Fueled by the AI boom, the shares of a small Japanese chip design company, Socionext, have skyrocketed over 200% since its listing last October. Particularly since mid-May of this year, the stock's surge has been especially swift, doubling its value in just over a month.
Since its initial public offering (IPO), Socionext has seen a peak increase of up to 260%, touching a high market capitalization of about JPY 957 billion and earning the title of the best-performing stock in the TOPIX index.
This Yokohama-based company, formed in 2015 from the merger of Fujitsu Semiconductor Ltd.'s and Panasonic Corporation's System on a Chip (SoC) departments, develops customized chips for customers in the consumer, automotive, and industrial sectors.

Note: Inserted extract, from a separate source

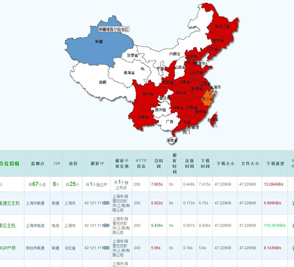 下面幾則圖例可以充分說(shuō)明,17ce上測(cè)試出來(lái)狀況是否良好,跟主機(jī)的帶寬有直接關(guān)系!即使是阿里云機(jī)房或我們提供的北京BGP機(jī)房,如果帶寬很低,同樣測(cè)試出來(lái)的效果很差。 用西部數(shù)碼智能多線(xiàn)機(jī)房2M帶寬測(cè)試出來(lái)全線(xiàn)飄紅的問(wèn)題,在您升級(jí)為10M或更多帶寬的情況下,就可能實(shí)現(xiàn)很好的測(cè)試效果。但如果換為我們的北京BGP機(jī)房仍是2M帶寬,同樣測(cè)試效果會(huì)不理想。

According to Rina Oshimo, a strategist at Okasan Securities, Socionext differs fundamentally from industry leaders such as Nvidia and AMD. Socionext is the only publicly-traded Japanese company that manufactures custom SoC, and its business model is unique as it only develops and produces chips according to customer requirements after receiving orders.
As per the official website, Socionext develops SoC products used for electric vehicles, smart devices, and data centers.

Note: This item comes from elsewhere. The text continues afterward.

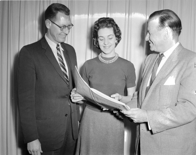 Her reign now nearly over, Gisele Bezner, 1959 Queen of Hearts, will give up her crown to her successor on Feb. 11 in the Roxy Theatre when a new queen will be chosen. Red-haired Gisele who hopes to be here for the pageant, is now in residence at Whitney Hall at University College, Toronto, studying to become a secondary school teacher. Her course is Honor English. The contest is sponsored jointly by businessmen of Midland and Penetang and Roxy Theatre manager, Wilfred LaRose. Contestants for the Queen of Hearts contest are chosen on a popularity basis by students at Midland Penetang District High School. From grades eleven, twelve and thirteen, the girls aspiring for the Queen’s crown were the top ten in number of votes polled. By general agreement, the girls wear a sweater and skirt school outfit on the first elimination night (Thursday) and the following week the five finalists will wear the gown of their choice from a selection of styles by Celebrity Formals.

The CC Japan Income & CC Growth Trust, which holds shares in the company, sees significant growth potential in the SoC design space, especially concerning self-driving cars, mobile communications, 5G, and potential 6G technologies. Richard Aston, the fund's portfolio manager, views the company as a long-term investment. He also noted the company's emphasis on paying dividends and increasing them over time.
In recent days, the company's rapid ascent has somewhat slowed. One primary reason for this is SMBC Nikko's initial downgrade of the company's rating last Wednesday, saying that Socionext's rapid rise appears somewhat excessive. The stock plunged 18% on Thursday, its biggest drop in history.
Of the eight analysts currently covering Socionext, seven have given a "Buy" rating, and one has given a "Hold" rating.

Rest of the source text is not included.